*** Opening of SUPPLIED DATA ***
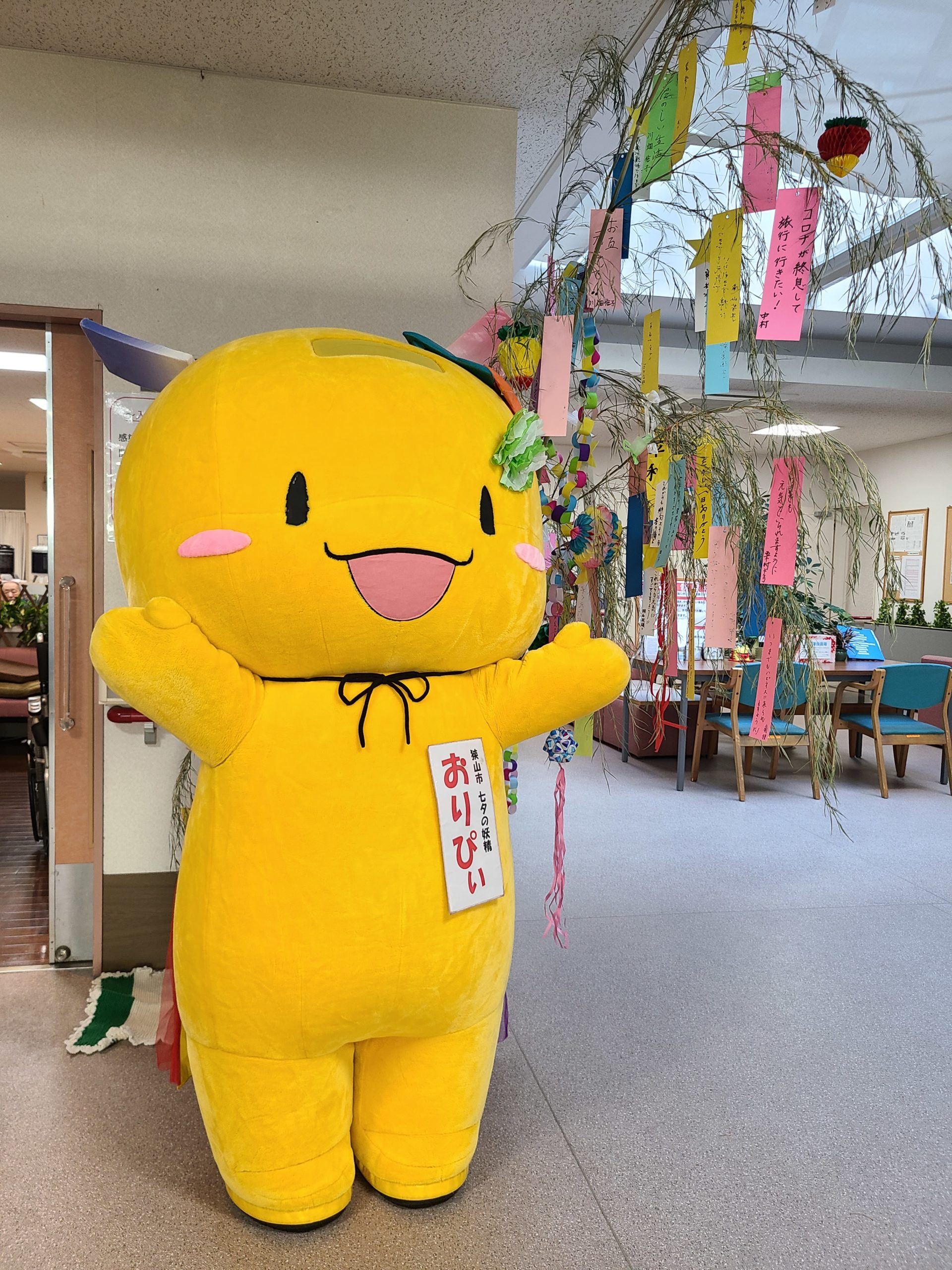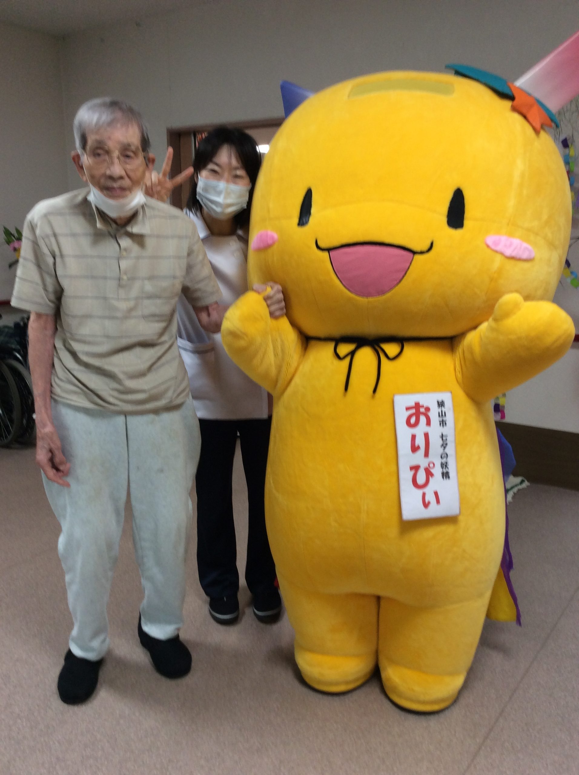 2022年7月9日2022年7月9日 by ハピネス狭山No Comments 7月7日 七夕の日 ハピネス狭山に狭山市のマスコット 七夕の妖精 おりぴぃ が遊びに来てくれました。 ハピネスの七夕飾りを見て大喜び ご利用者様も記念撮影を行い 大喜び 皆様の願いが叶いますように…。 共有:クリックして Twitter で共有 (新しいウィンドウで開きます)Facebook で共有するにはクリックしてください (新しいウィンドウで開きます)いいね:いいね 読み込み中… 関連
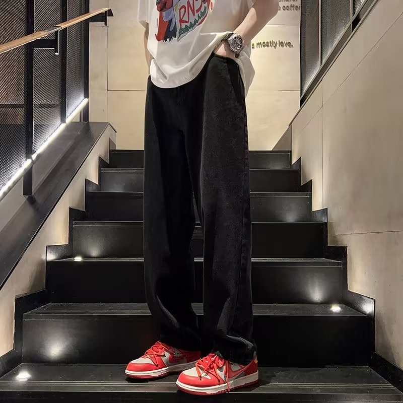 블랙 그레이 청바지 남성 봄 홍콩 스타일 클린핏 루즈 와이드 팬츠 트렌디 브랜드 레트로 캐주얼 롱 팬츠스토어 가기
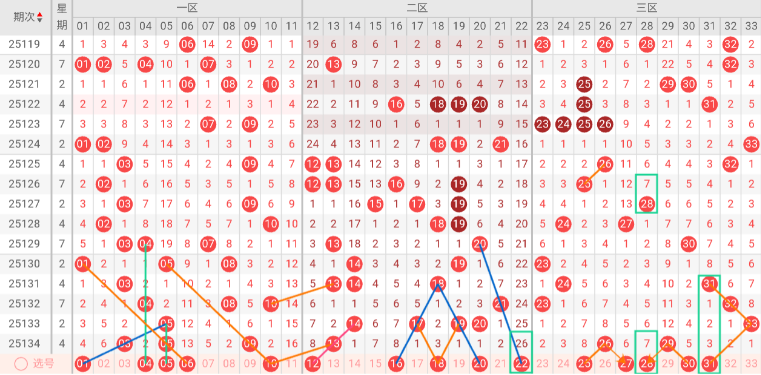 根据以上特点,我们对双色球第25135期进行如下分析:
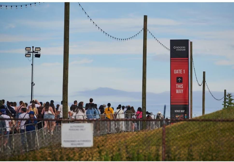 The Rogers Stadium, with a capacity exceeding 50,000, faced a significant test as fans began flooding in hours before the gates officially opened. Many fans camped outside overnight, hoping to secure the best spots on the floor or closest seats to the stage. By late afternoon, long lines snaked around the venue, with crowds growing more restless under the heat and anticipation.
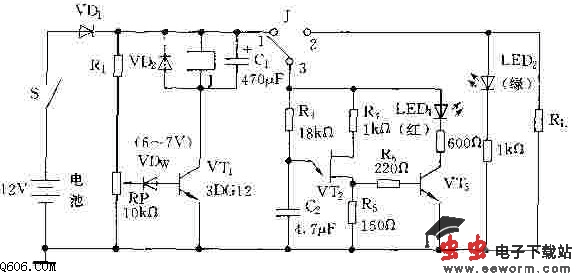 下图是电池放电控制指示电路,它由R1、RP、VDw,VT1和J组成过放电控制电路:R3,C2,VT2和VT3组成过放电指示电路,接通开关S,电池电压R1,RP分压击穿VDw使VT1饱和导通,继电器J工作,1.3常开触点接通,绿色LED2发光,负载R1得电工作,当电池电压降至原先设定的10~10.5V时,R1和RP分压不能击穿VDw,使VT1不能饱和导通,继电器J停止工作。1.3常开触点断开,1.2常闭触点接通,绿色LED2熄灭,负载R2停止工作。电池电压经过R3对C2充电(充电时间由R3、C1决定),使VT2,VT3断续导通,红色LED1闪烁,提示用户,此时电池已经欠压,应给电池充电,避免电池因过放电而损坏。
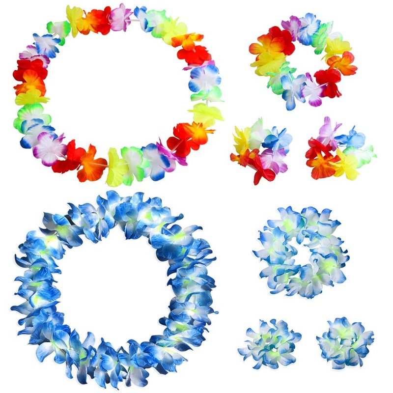 - 【HIGH QUALITY】 Excellent handmade soft materials and exquisite workmanship, hand-crafted carefully down to every detail to give a stunning, magical, sexy, lovely chic look. It is made of high quality eco-friendly smooth shiny plastic, package: 2 pack headband + 2 pack leis necklace + 4 pack braceklets, approximately circumference for necklace is 41.3", for headband is 16.5", for bracelet is 7.9". What are you still waiting for? just add it to your cart and enjoy it with your friends and family
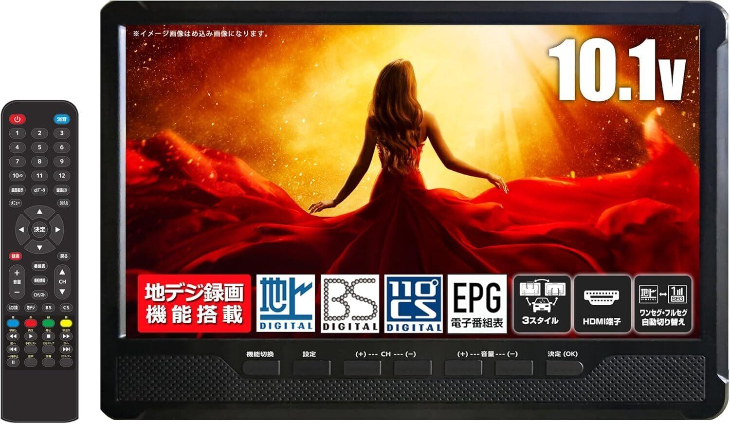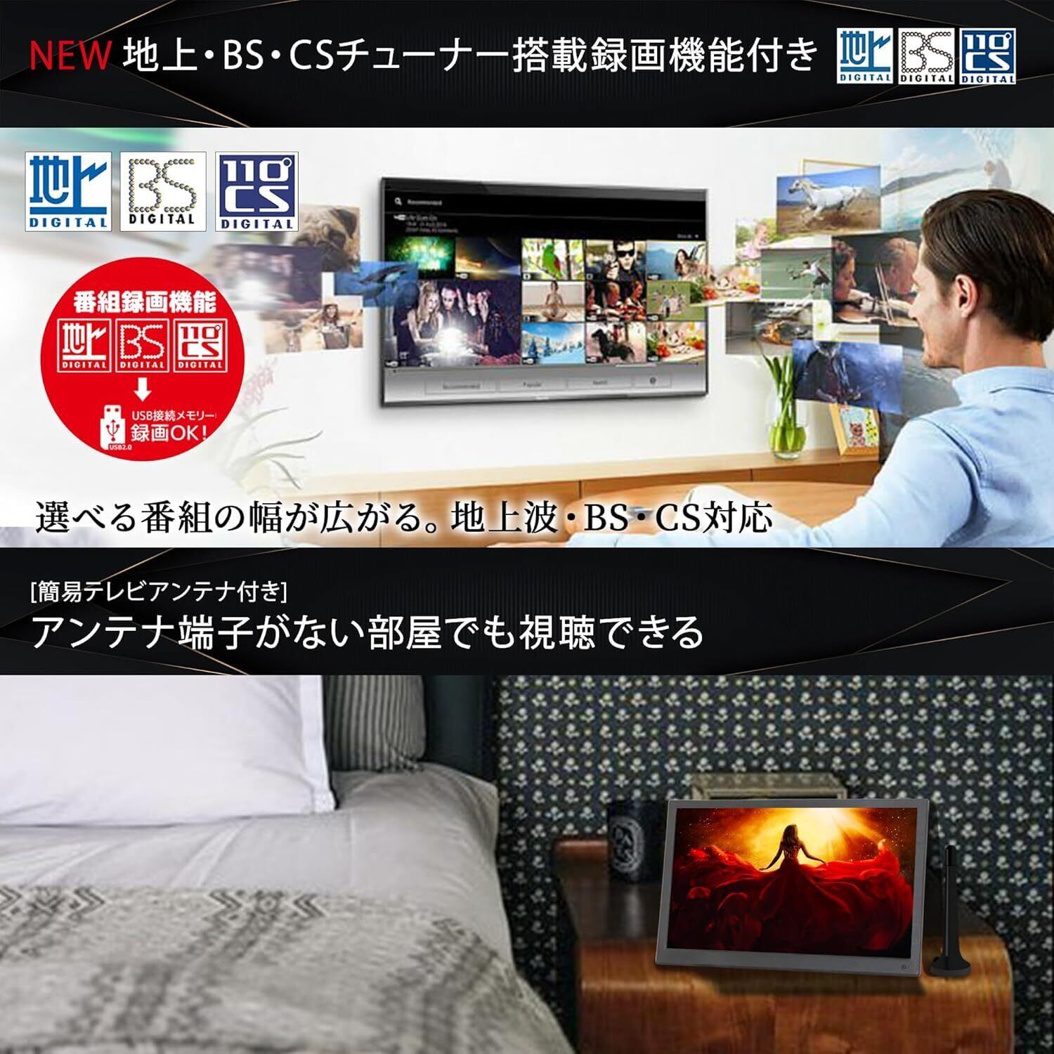 10.1型 ポータブル 液晶テレビ 地上/BS/CSチューナー搭載 ポータブルテレビ HDMI対応 10.1インチ 3波 車載用バック フルセグ 地デジ ワンセグ 1seg 2電源対応 アンテナケーブル 壁掛け ポータブル 9 10 12 14 インチ 型 TV o000
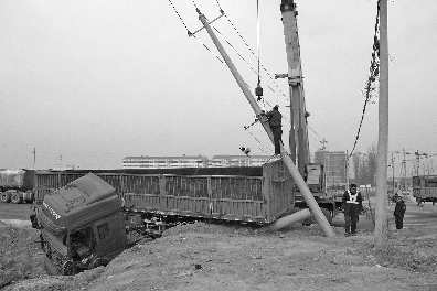 26日12时,记者在事发现场看到,空货车的车头栽进了路边沟里,和车身分离。左侧车门开着,玻璃、碎片散落一地。货车还撞断了路边的一根电线杆。受电线杆影响,事发地周围部分居民家断电,一名电工正在抢修电路,两辆事故抢险车正在处理现场。据围观者曹先生说,当时货车自西向东行驶,车速较快,眼看就要到信号灯了,货车没有刹住车,撞上了路边同向行走的两名年轻人,司机猛打方向盘,又撞上了路边电线杆,一头栽进了沟里。
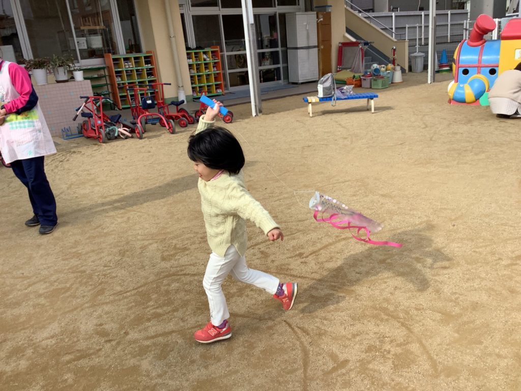 完成した凧を園庭に持って行って凧あげをしました。風がほとんどなく子ども達は園庭を元気いっぱい走り回り凧あげを楽しみました。
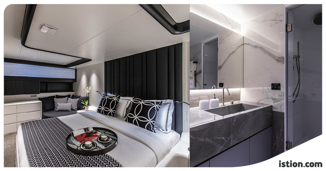 a complete rebuilt of all the en suite facilities with ceramic panels & corian, new contemporary artwork and modern detail, bringing the yacht to ‘’as new condition’’.
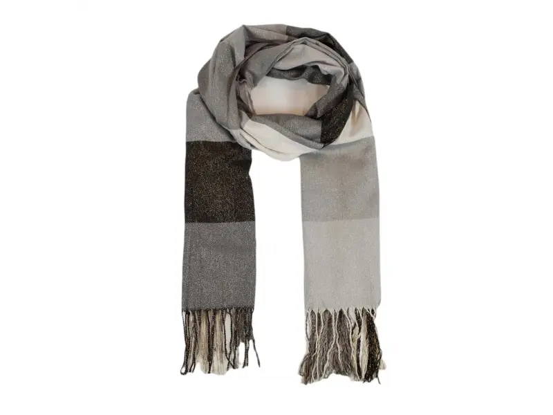 Μαλακό και άνετο γυναικείο φουλάρι με έναν ενδιαφέροντα συνδυασμό χρωμάτων. Το φουλάρι είναι κατασκευασμένο από συνδυασμό 70% βαμβακιού και 30% μεταλλικού νήματος.
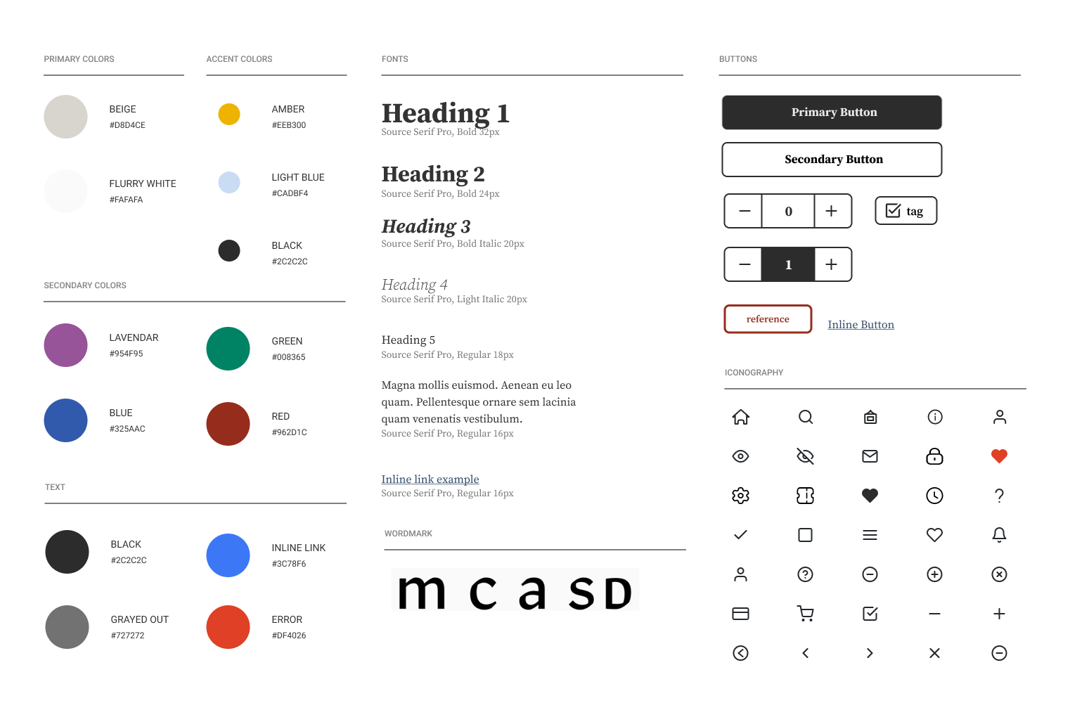 I studied the MCASD website to draw from their branding and create consistency between the app and the website’s design. Afterward, I created the following moodboard and style guide, pulling from MCASD’s branding and other art museum apps for inspiration. I made slight changes to the typography and color selection for accessibility purposes and to give the app a more modern feel.
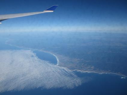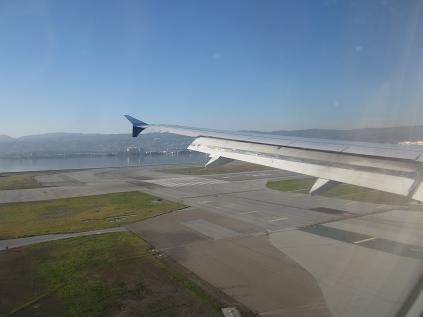 Walked up to the gate and asked the representative if I had to do a passport check, and they told me that's not required... Okay then. Waited at the lobby where many people just waiting for the boarding to begin. There were not enough seats around so I saw many of them standing, and I was one of them. The boarding started and I could take seat early because of my elite status, so I just walked into the cabin and took my seat at 11:00am. Waited for a while to get all seats filled. I picked the one at very end and only had one person next to me so it was easy to get out. The plane departed nearly on time at 11:30am, and taxied for a while. It took off to the northwest at 11:45am and flew by South San Francisco. I could see the downtown and then the golden gate bridge to the right. Flow along the coast line as it gained altitude.
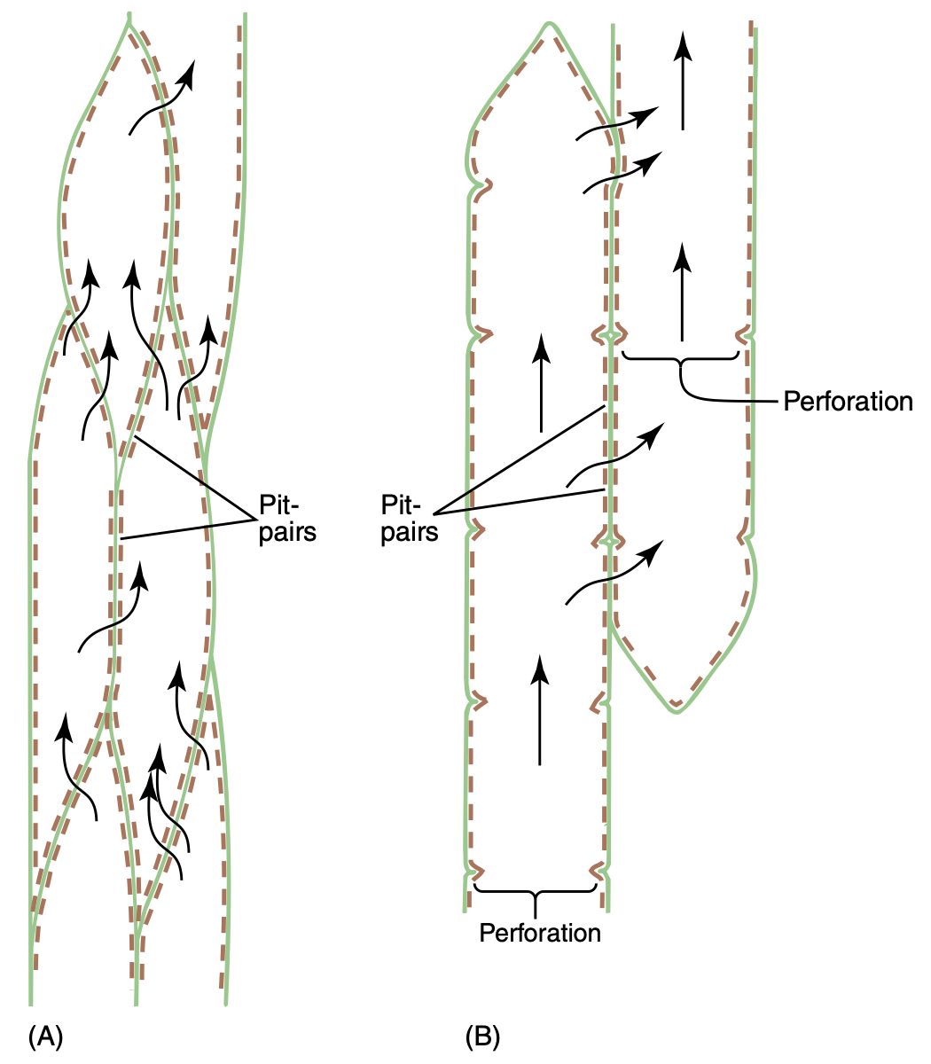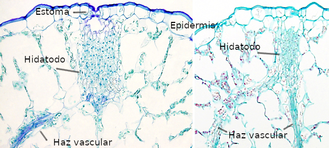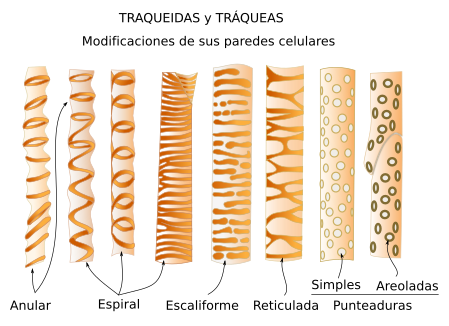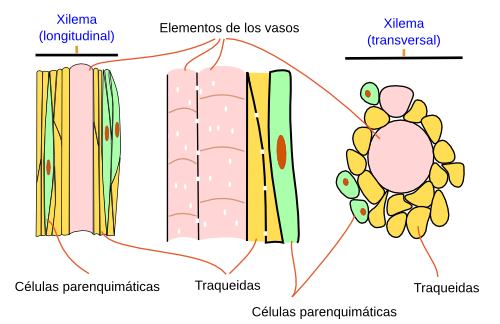 | Principal elemento conductor de las angiospermas | Principal elemento conductor de helechos y gimnospermas |
*** Close of SUPPLIED DATA ***
- [WORK INSTRUCTIONS]:
Only the pictures are to be left out; print everything else in the listing exactly.

- [SOLUTION TO THIS EXERCISE]:
 2022年7月9日2022年7月9日 by ハピネス狭山No Comments 7月7日 七夕の日 ハピネス狭山に狭山市のマスコット 七夕の妖精 おりぴぃ が遊びに来てくれました。 ハピネスの七夕飾りを見て大喜び ご利用者様も記念撮影を行い 大喜び 皆様の願いが叶いますように…。 共有:クリックして Twitter で共有 (新しいウィンドウで開きます)Facebook で共有するにはクリックしてください (新しいウィンドウで開きます)いいね:いいね 読み込み中… 関連
 블랙 그레이 청바지 남성 봄 홍콩 스타일 클린핏 루즈 와이드 팬츠 트렌디 브랜드 레트로 캐주얼 롱 팬츠스토어 가기
 根据以上特点,我们对双色球第25135期进行如下分析:
 The Rogers Stadium, with a capacity exceeding 50,000, faced a significant test as fans began flooding in hours before the gates officially opened. Many fans camped outside overnight, hoping to secure the best spots on the floor or closest seats to the stage. By late afternoon, long lines snaked around the venue, with crowds growing more restless under the heat and anticipation.
 下图是电池放电控制指示电路,它由R1、RP、VDw,VT1和J组成过放电控制电路:R3,C2,VT2和VT3组成过放电指示电路,接通开关S,电池电压R1,RP分压击穿VDw使VT1饱和导通,继电器J工作,1.3常开触点接通,绿色LED2发光,负载R1得电工作,当电池电压降至原先设定的10~10.5V时,R1和RP分压不能击穿VDw,使VT1不能饱和导通,继电器J停止工作。1.3常开触点断开,1.2常闭触点接通,绿色LED2熄灭,负载R2停止工作。电池电压经过R3对C2充电(充电时间由R3、C1决定),使VT2,VT3断续导通,红色LED1闪烁,提示用户,此时电池已经欠压,应给电池充电,避免电池因过放电而损坏。
 - 【HIGH QUALITY】 Excellent handmade soft materials and exquisite workmanship, hand-crafted carefully down to every detail to give a stunning, magical, sexy, lovely chic look. It is made of high quality eco-friendly smooth shiny plastic, package: 2 pack headband + 2 pack leis necklace + 4 pack braceklets, approximately circumference for necklace is 41.3", for headband is 16.5", for bracelet is 7.9". What are you still waiting for? just add it to your cart and enjoy it with your friends and family
 10.1型 ポータブル 液晶テレビ 地上/BS/CSチューナー搭載 ポータブルテレビ HDMI対応 10.1インチ 3波 車載用バック フルセグ 地デジ ワンセグ 1seg 2電源対応 アンテナケーブル 壁掛け ポータブル 9 10 12 14 インチ 型 TV o000
 26日12时,记者在事发现场看到,空货车的车头栽进了路边沟里,和车身分离。左侧车门开着,玻璃、碎片散落一地。货车还撞断了路边的一根电线杆。受电线杆影响,事发地周围部分居民家断电,一名电工正在抢修电路,两辆事故抢险车正在处理现场。据围观者曹先生说,当时货车自西向东行驶,车速较快,眼看就要到信号灯了,货车没有刹住车,撞上了路边同向行走的两名年轻人,司机猛打方向盘,又撞上了路边电线杆,一头栽进了沟里。
 完成した凧を園庭に持って行って凧あげをしました。風がほとんどなく子ども達は園庭を元気いっぱい走り回り凧あげを楽しみました。
 a complete rebuilt of all the en suite facilities with ceramic panels & corian, new contemporary artwork and modern detail, bringing the yacht to ‘’as new condition’’.
 Μαλακό και άνετο γυναικείο φουλάρι με έναν ενδιαφέροντα συνδυασμό χρωμάτων. Το φουλάρι είναι κατασκευασμένο από συνδυασμό 70% βαμβακιού και 30% μεταλλικού νήματος.
 I studied the MCASD website to draw from their branding and create consistency between the app and the website’s design. Afterward, I created the following moodboard and style guide, pulling from MCASD’s branding and other art museum apps for inspiration. I made slight changes to the typography and color selection for accessibility purposes and to give the app a more modern feel.
 Walked up to the gate and asked the representative if I had to do a passport check, and they told me that's not required... Okay then. Waited at the lobby where many people just waiting for the boarding to begin. There were not enough seats around so I saw many of them standing, and I was one of them. The boarding started and I could take seat early because of my elite status, so I just walked into the cabin and took my seat at 11:00am. Waited for a while to get all seats filled. I picked the one at very end and only had one person next to me so it was easy to get out. The plane departed nearly on time at 11:30am, and taxied for a while. It took off to the northwest at 11:45am and flew by South San Francisco. I could see the downtown and then the golden gate bridge to the right. Flow along the coast line as it gained altitude.
 | Principal elemento conductor de las angiospermas | Principal elemento conductor de helechos y gimnospermas |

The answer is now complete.